Step 1) generate X'₁, .., X'_n iid F
Step 2) find the θ'=s(X'₁, .., X'_n)
Step 3) repeat Step 1 and Step 2 many times (say 1000 times)
Step 4) Study the MC estimates of θ, for example find their standard deviation.

But what do we do if we don't know that our sample came from F? A simple idea then is to replace sampling from the actual distribution function by sampling from the next best thing, the empirical distribution function. So the idea of the bootstrap is simple: replace F in the simulation above with Fhat:

Step 1) generate X^*₁, .., X^*_n from the empirical distribution function of X₁, .., X_n
Step 2) find the estimate s( X^*₁, .., X^*_n)
Step 3) repeat Step 1 and Step 2 many times.
Step 4) Study the MC samples s( X^*₁, .., X^*_n), for example find their standard deviation.
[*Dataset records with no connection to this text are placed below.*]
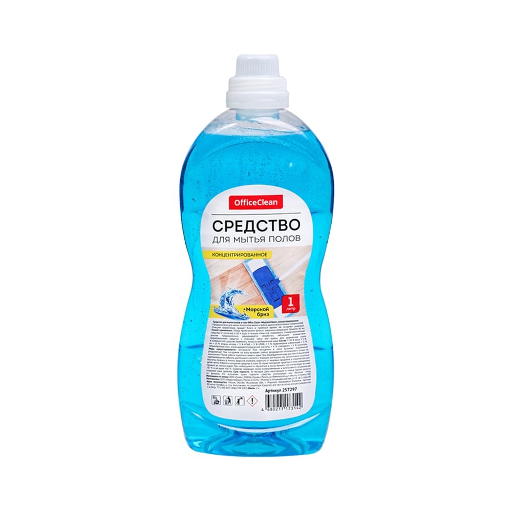Средство для мытья полов OfficeClean Морской бриз концентрат 1 л 257297 предназначено для чистки поверхностей. Специально подобранный состав компонентов эффективно очищает от комбинированных застарелых загрязнений. Нетоксично и биоразлагаемо, благодаря чему безопасно для людей и животных. Подходит для всех видов влагостойких поверхностей, что делает средство универсальным.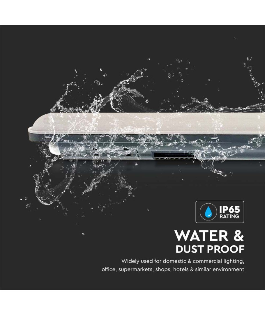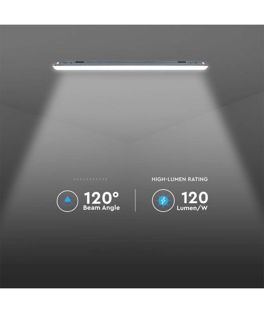 Armaturet har forskruning til kabelindføring i begge ender, for nem seriekobling. Med en IP65 rating er du sikret et robust armatur der er både vand og støvtæt. Armaturet er energivenligt med et lavt forbrug på kun 120lm/W.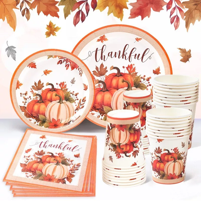 추수감사절 일회용 식기 세트는 가족 모임을 넘어 다양한 용도로 사용할 수 있습니다. 이 세트는 추수감사절에 열리는 회사 팀 빌딩 행사에도 적합합니다. 가볍고 휴대가 간편하여 회의나 야외 피크닉에 적합합니다. 추수감사절 행사를 주최하는 학교의 경우, 이 세트는 학생들에게 안전하고 편리하며 교사들이 설거지 걱정을 덜어줍니다.
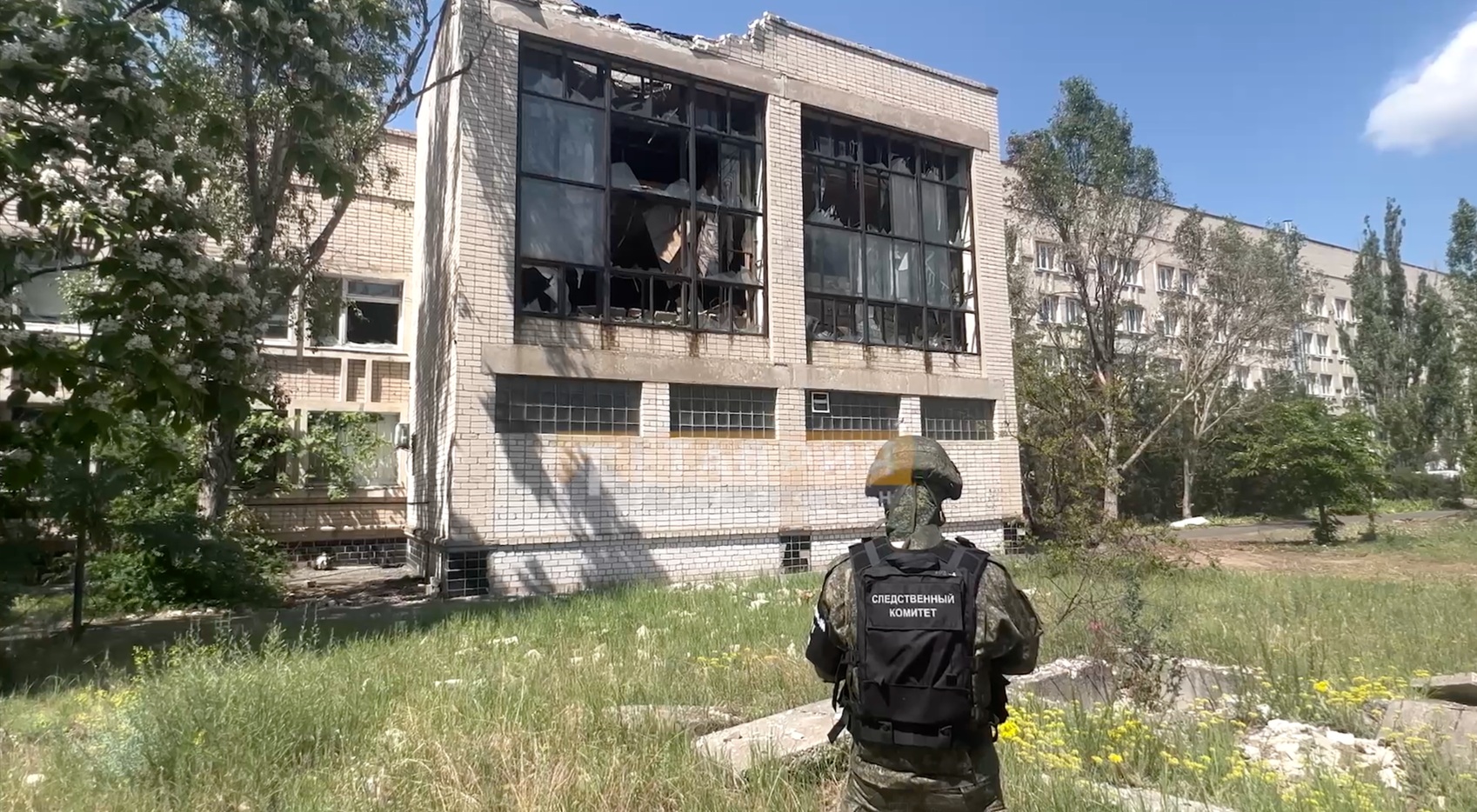Представник окупаційної влади біля лікарні Нової Каховки, літо 2023 року. Фото: скріншот відео

What does it mean, generate X^*₁, .., X^*_n from the empirical distribution function of X₁, .., X_n?Actually it means finding a bootstrap sample as described above.
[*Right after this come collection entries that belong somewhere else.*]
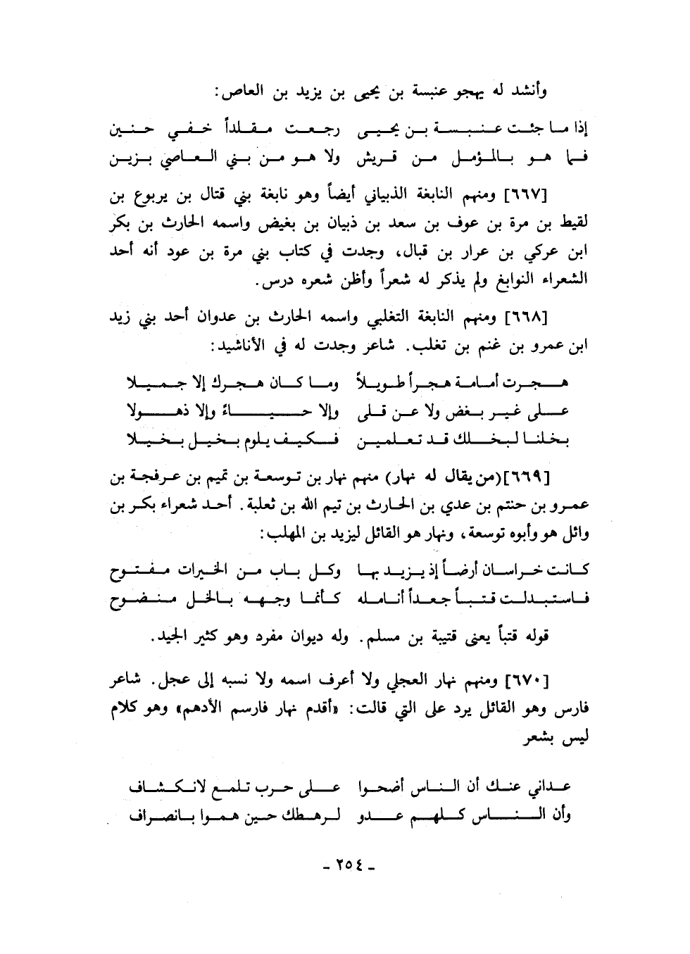 ومنهم النابغة الذبياني أيضاً وهو نابغة بني قتال بن يربوع بن لقيط بن مرة بن عوف بن سعد بن ذبيان بن بغيض واسمه الحارث بن بكر ابن عركي بن عرار بن قبال، وجدت في كتاب بني مرة بن عود أنه أحد الشعراء النوابغ ولم يذكر له شعراً وأظن شعره درس.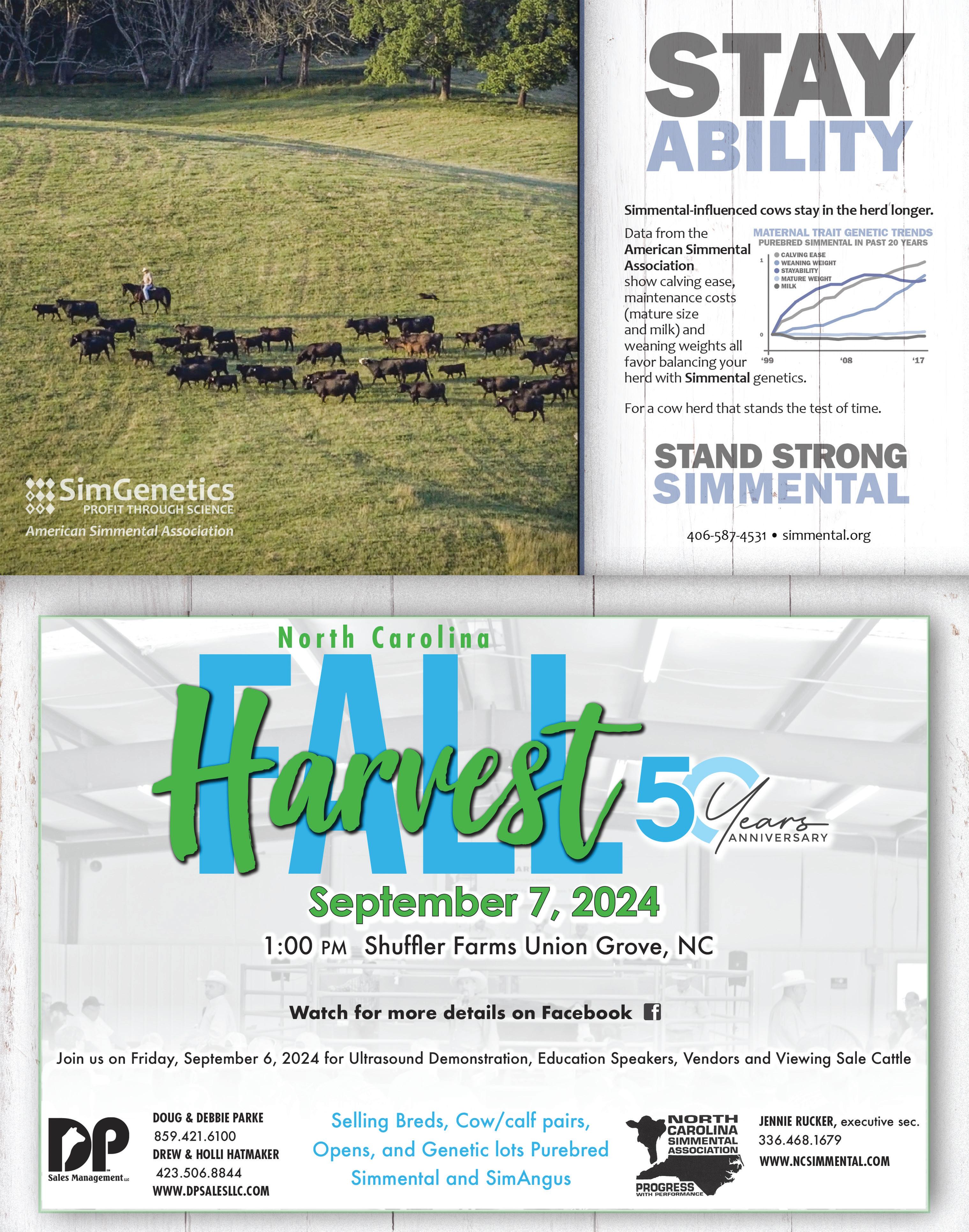 Sep. 7 — N.C. Simmental Association Fall Harvest Sale, Union Grove, N.C.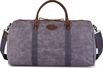 This durable beeswax canvas duffel offers rugged performance with genuine leather handles and versatile carrying options. Its spacious interior, organized pockets, and luggage sleeve make it ideal for weekend travel or everyday utility.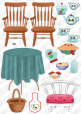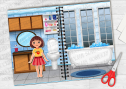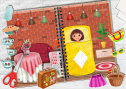 Окремі аркуші містять додатковий одяг для дівчинки, посуд та предмети побуту, які можна розміщувати на сторінках за бажанням.

Example : Let's illustrate these ideas using an example from a very good book on the bootstrap, "An Introduction to the Bootstrap" by Bradley Efron and Robert Tibshirani. The following table shows the results of a small experiment, in which 7 out of 16 mice were randomly selected to receive a new medical treatment, while the remaining 9 mice were assigned to the control group. The treatment was intended to prolong survival after surgery. The table shows the survival times in days:

Treatment	Control
94 197 16 38	52 104 146 10
99 141 23	50 31 40 27 46

The data is also in R as mice
How can we answer the question on whether this new treatment is effective? First of course we can find the within group means and standard deviations:

	Treatment	Control
Mean	86.86	56.22
Standard Deviation	25.24	14.14

(with lapply(mice,mean) and lapply(mice,sd) ), so we see that the mice who received the treatment lived on average 30.63 days longer. But unfortunately the standard error of the difference is 28.93 = √(25.24²+14.14²), so we see that the observed difference 30.63 is only 30.63/28.93 = 1.05 standard deviations above 0.
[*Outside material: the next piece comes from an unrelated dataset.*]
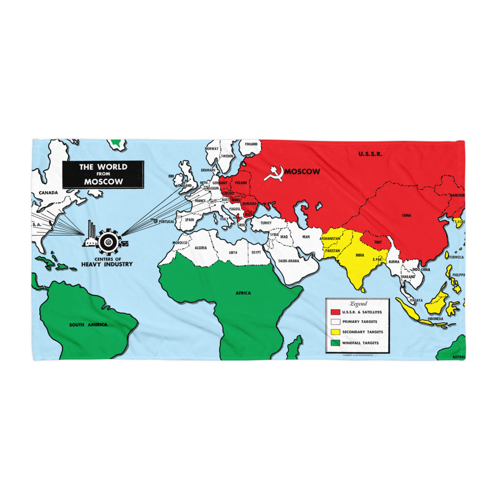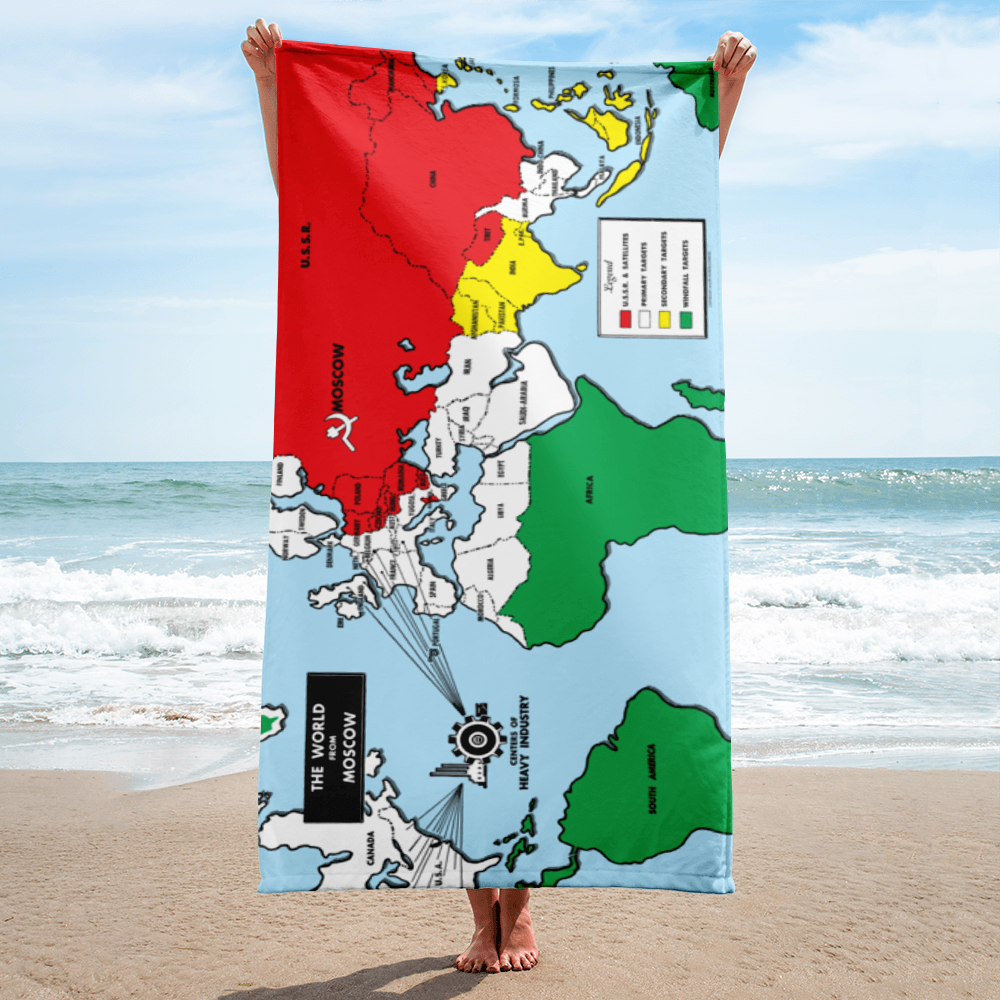 Are you a primary target? Hit the beach with this Cold War-era vintage map beach towel, outlining Moscow’s plan for world domination. Great on its own, or pair it with “The World from Washington” beach towel.

Let's say next that instead of using the mean we wish to use the median to measure average survival. We find the following:

	Treatment	Control
Median	94	46
Standard Error	?	?

Now we get a difference in median survival time of 48 days, but what is the standard error of this estimate? Of course there is a formula for the standard error of the median, but it is not simple and just finding it in a textbook would be some work. On the other hand we can use the bootstrap method to find it very easily. It is done in mice.boot, and we find that the standard error of the median in the treatment group is about 37, and for the control group it is about 11, so the standard error of the difference is √(37²+11²)=38.6, and so 48/38.6=1.25. This is larger than the one for the mean, but still not statistically significant.

Example How good is this bootstrap method, that is how well does it calculate the standard error? Let's investigate this using a situation where we know the right answer:
Say we have n observations from N(μ,σ), then of course sd(X̅)=σ/√n. In bootex we use both the direct estimate of σ and the bootstrap estimator.